14.     (Power of One - deals with) Taking initiative

14:3-9

Woman
anoints with jar - to be remembered

14:3 And being him in Bethany in the house of Simon the leper, reclining him came a woman having an alabaster phial of ointment nard of pure costly; breaking the alabaster phial she poured over of him the head. 4 Now there some being angry with themselves: Why waste this of the ointment has occurred? 5 for could this ointment to be sold (for) over denaii three hundred and to be given to the poor: and they were indignant with her. 6 But Jesus said: Leave her; why to her troubles cause ye? a good work she wrought in me. 7 For always the poor ye have with yourselves, and whenever ye wish ye can to them well to do, but me not always ye have, 8 What she had she did; she was beforehand to anoint the body of me for the burial. 9 Truly And I tell you, wherever is proclaimed the gospel in all the world, also what did this woman will be spoken for a memorial of her.
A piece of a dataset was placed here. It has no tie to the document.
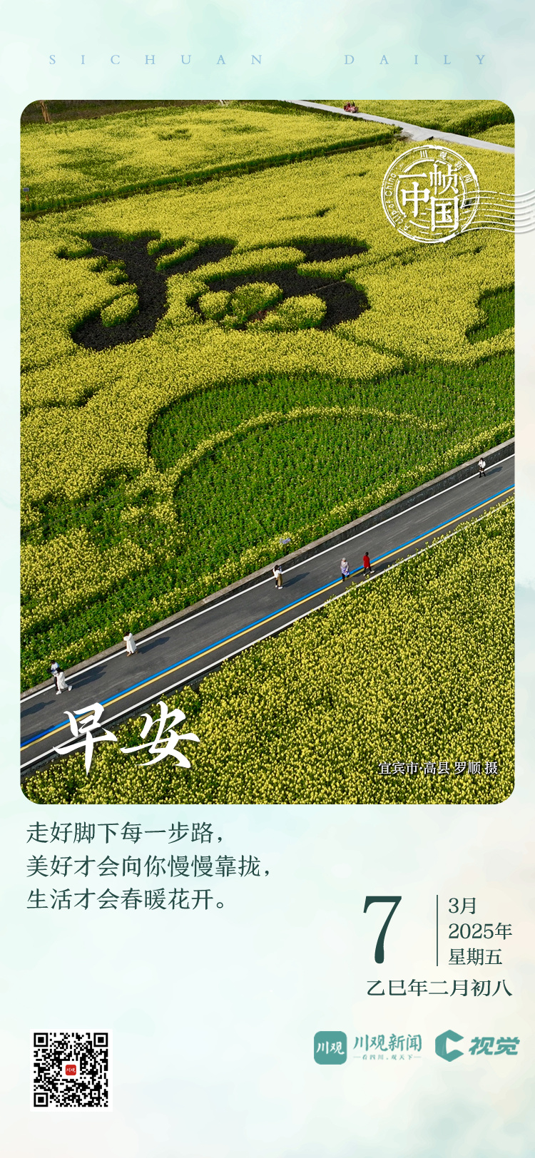 俯瞰连片油菜花,一个大写的“春”字印在大地的心头,也闯入我们的眼帘。只有用心走好每一步,生活才会是一场春暖花开的芳香之旅。一起徜徉金色花海,尽享美好春光吧。

Note: This woman is connected to a 'fallen woman' elsewhere but here she contrasts with Mary Magdalen who leaves the tomb in fear c/f point one. While there are very few references to sex in the gospels is there an implication here that the key type of person for the Christian is one who can reform or 'rise again'? A reference to the woman appears to come up again when in the Gospel of John  the disciples are told to wash one another's feet in order to identify with the Living Word. Some scholars argue that in John the woman caught in adultery is a story that has been later added to the gospel. People may have been wondering more about the identity of the woman here in Mark and John may have been suggesting this was the woman who was 'forgiven' by Jesus. It is interesting to note that an apparently parallel gospel passage to the story of the woman caught in adultery deals with the entry of Jesus into Jerusalem when he comes to free "daughter of Sion". Perhaps there is a veiled reference here to his freeing of the "daughter of Sion" from the legal bondage imposed by over-stress on external law. Also the new Christian community for whom John is writing could be challenged to see themselves as a living off-shoot from Judaism (a daughter)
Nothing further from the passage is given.